UNITREE_ROS_DIR = "/home/zeul/GIT/unitree_ros"

Then in the same file, switch the G1 29DOF config to use URDF instead of USD. Find the UNITREE_G1_29DOF_CFG section and:

  • Uncomment UnitreeUrdfFileCfg
  • Comment out UnitreeUsdFileCfg

This tells Isaac Lab to load the G1 from the URDF robot description instead of Unitree's pre-packaged USD scene file.


Step 3: Install unitree_rl_lab

conda activate isaaclab
cd ~/GIT/unitree_rl_lab
pip install -e "source/unitree_rl_lab"

The -e flag installs in editable mode, so changes to the source files take effect immediately without reinstalling.


Step 4: Train the Policy

conda activate isaaclab
cd ~/GIT/unitree_rl_lab
python scripts/rsl_rl/train.py --headless --task Unitree-G1-29dof-Velocity

--headless skips the GUI, which is much faster. 4,096 robots run in parallel on the GPU.

What happens:

  1. Isaac Sim loads the G1 URDF and spawns 4,096 robots in a grid
  2. Each robot gets a random velocity command each episode
  3. Rewards and penalties are calculated every timestep
  4. The neural network updates its weights based on what worked and what did not
  5. Checkpoints are saved every 100 iterations to logs/rsl_rl/unitree_g1_29dof_velocity/<timestamp>/

Training runs until you stop it (Ctrl+C) or the reward plateaus.

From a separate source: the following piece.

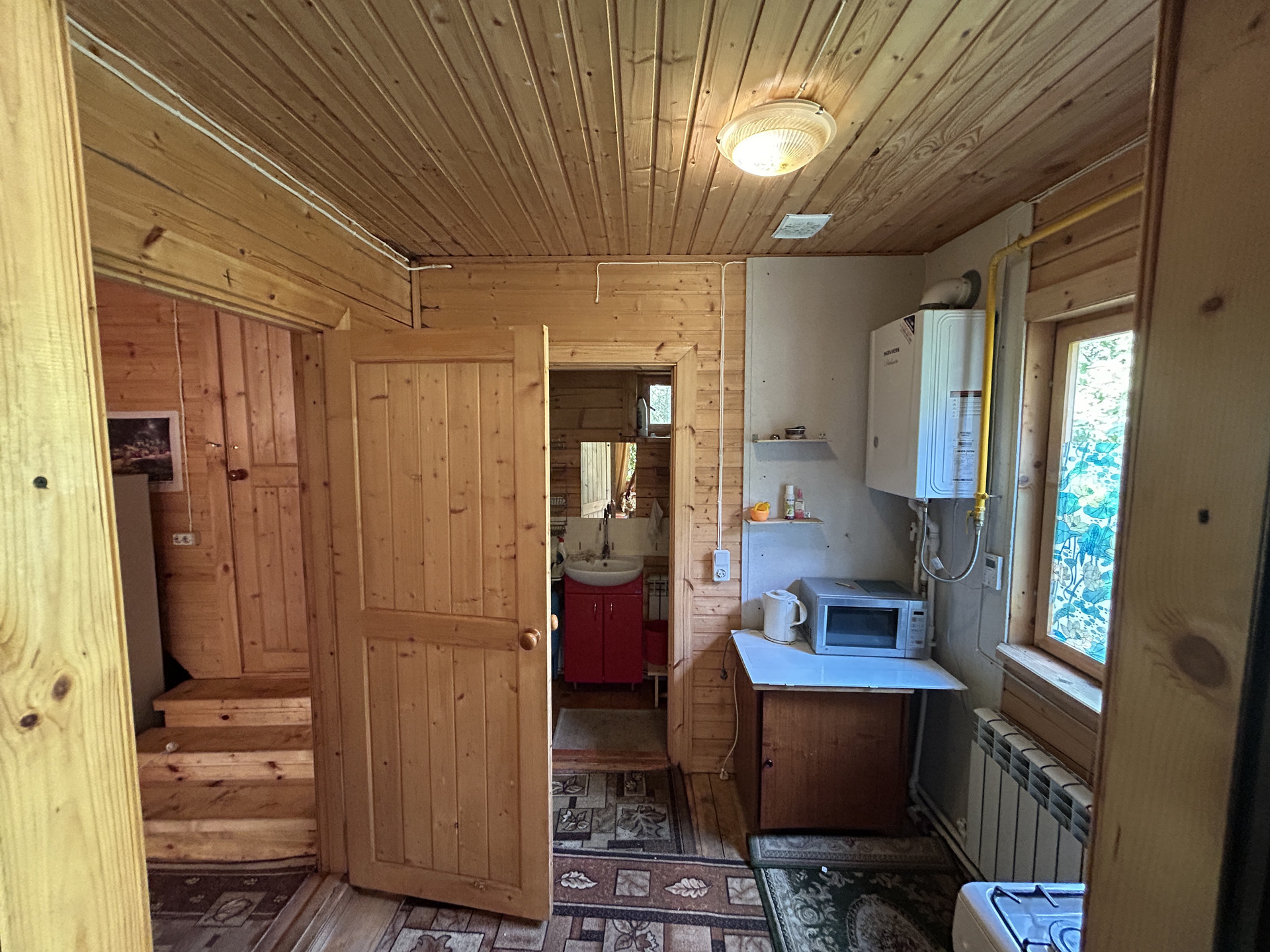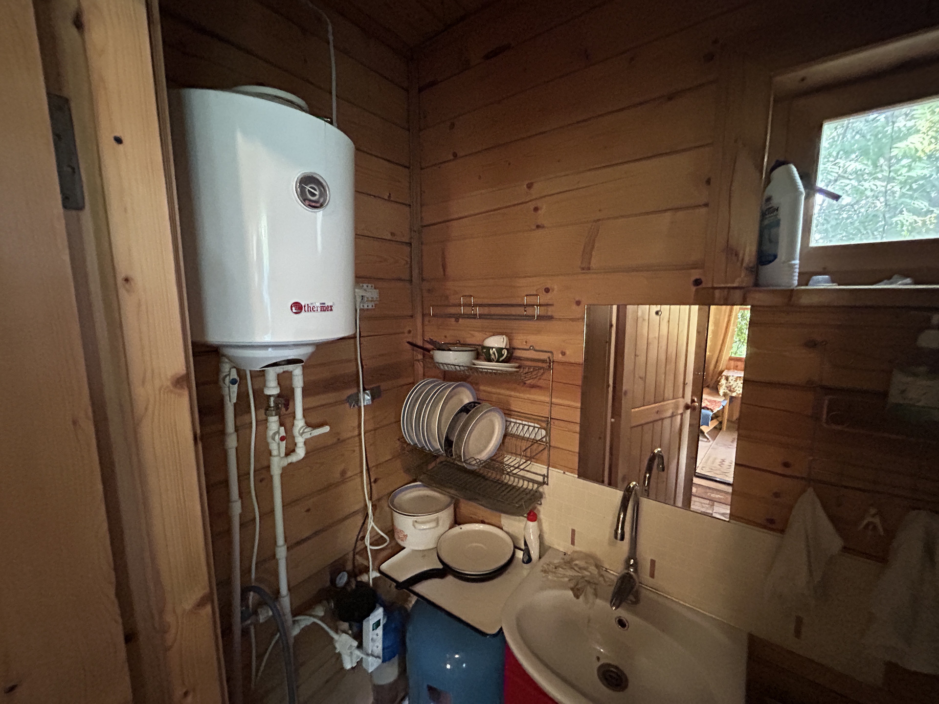КОММУНИКАЦИИ: Электричество подведено, подключено и разведено по дому - установлен электросчетчик в доме - 15 кВт (220 Вольт). Водопровод - собственная скважина с отличной питьевой водой, глубиной 35 метров, проведена в дом. Так же есть поливочный водопровод, который разведен по участку. Горячая вода от водонагревателя. Отопление газовое- установлен новый котел, счетчики и итальянские радиаторы, трубы разведены по всему дому первого этажа. Слив ( канализация) - выгребная яма (септик).

A usable policy typically emerges around iteration 1,000. We ran to 7,200.

Resuming a Training Run

To continue from where you left off:

# Resume from latest checkpoint in a run
python scripts/rsl_rl/train.py --headless --task Unitree-G1-29dof-Velocity \
  --resume \
  --load_run 2026-03-06_14-30-46

# Resume from a specific checkpoint
python scripts/rsl_rl/train.py --headless --task Unitree-G1-29dof-Velocity \
  --resume \
  --load_run 2026-03-06_14-30-46 \
  --checkpoint model_7200.pt

The run folder name is the timestamp directory under logs/rsl_rl/unitree_g1_29dof_velocity/.


Step 5: Monitor Training

In a second terminal while training runs:

conda activate isaaclab
cd ~/GIT/unitree_rl_lab
tensorboard --logdir logs/rsl_rl/ --host 0.0.0.0

Open http://workstation:6006 in a browser. Key metrics to watch:

Metric Good trend What it means
Mean reward Increasing Overall policy quality
Episode_Termination/bad_orientation Decreasing toward 0 Fall rate
Episode_Reward/track_lin_vel_xy Increasing Velocity command accuracy
Episode_Length/mean Increasing toward max Robots staying alive longer

Reward Configuration

The reward function is defined in:

~/GIT/unitree_rl_lab/source/unitree_rl_lab/unitree_rl_lab/tasks/locomotion/robots/g1/29dof/velocity_env_cfg.py

Positive terms (things the robot is rewarded for):

Term Weight Description
track_lin_vel_xy +1.0 Follow commanded forward/lateral speed
track_ang_vel_z +0.5 Follow commanded yaw (turning) rate
alive +0.15 Survive the episode without falling
gait +0.5 Maintain a natural alternating gait
feet_clearance +1.0 Lift feet cleanly off the ground

Penalty terms (negative weights, things to minimize):

Term Weight Description
flat_orientation_l2 -5.0 Penalizes tilting (stay upright)
base_height -10.0 Penalizes deviating from 0.78 m standing height
dof_pos_limits -5.0 Penalizes joints approaching their limits
base_linear_velocity (z) -2.0 Penalizes bouncing (vertical movement)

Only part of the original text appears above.